## Assignment:
Your answer should hold exactly the lines below from the line with "Your notes, ideas" through the line with "Le Livre du", both included, and no pictures at all.

[[ Source records, beginning ]]

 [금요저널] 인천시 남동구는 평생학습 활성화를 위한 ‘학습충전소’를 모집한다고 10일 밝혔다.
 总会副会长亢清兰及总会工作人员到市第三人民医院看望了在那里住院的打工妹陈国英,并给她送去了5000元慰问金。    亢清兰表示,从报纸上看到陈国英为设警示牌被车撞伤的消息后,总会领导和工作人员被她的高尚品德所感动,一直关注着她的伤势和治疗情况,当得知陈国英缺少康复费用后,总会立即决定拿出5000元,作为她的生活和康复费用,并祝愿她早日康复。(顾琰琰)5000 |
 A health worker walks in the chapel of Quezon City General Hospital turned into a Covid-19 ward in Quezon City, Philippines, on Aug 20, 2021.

[[ Source records, end ]]
[[ Source records, beginning ]]

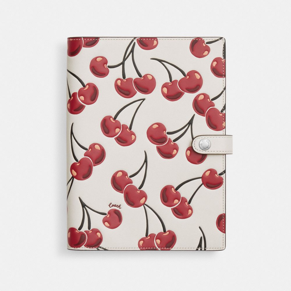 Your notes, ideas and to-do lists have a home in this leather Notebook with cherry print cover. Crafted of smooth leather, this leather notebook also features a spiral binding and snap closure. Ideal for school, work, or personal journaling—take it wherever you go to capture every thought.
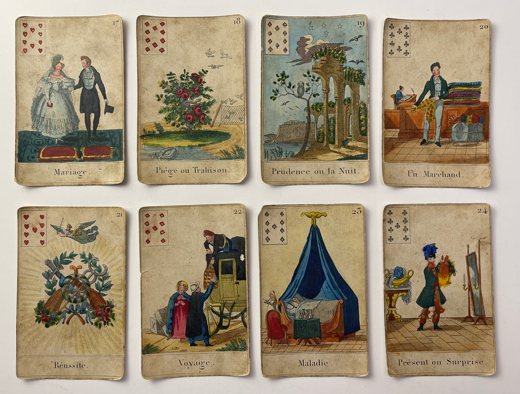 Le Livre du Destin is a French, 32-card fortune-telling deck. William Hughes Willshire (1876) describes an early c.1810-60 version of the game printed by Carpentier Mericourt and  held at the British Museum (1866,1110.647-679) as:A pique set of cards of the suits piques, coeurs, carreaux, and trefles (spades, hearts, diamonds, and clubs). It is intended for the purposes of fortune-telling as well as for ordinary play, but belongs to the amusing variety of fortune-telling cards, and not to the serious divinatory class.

[[ Source records, end ]]

## Task output:
 Your notes, ideas and to-do lists have a home in this leather Notebook with cherry print cover. Crafted of smooth leather, this leather notebook also features a spiral binding and snap closure. Ideal for school, work, or personal journaling—take it wherever you go to capture every thought.
 Le Livre du Destin is a French, 32-card fortune-telling deck. William Hughes Willshire (1876) describes an early c.1810-60 version of the game printed by Carpentier Mericourt and  held at the British Museum (1866,1110.647-679) as:A pique set of cards of the suits piques, coeurs, carreaux, and trefles (spades, hearts, diamonds, and clubs). It is intended for the purposes of fortune-telling as well as for ordinary play, but belongs to the amusing variety of fortune-telling cards, and not to the serious divinatory class.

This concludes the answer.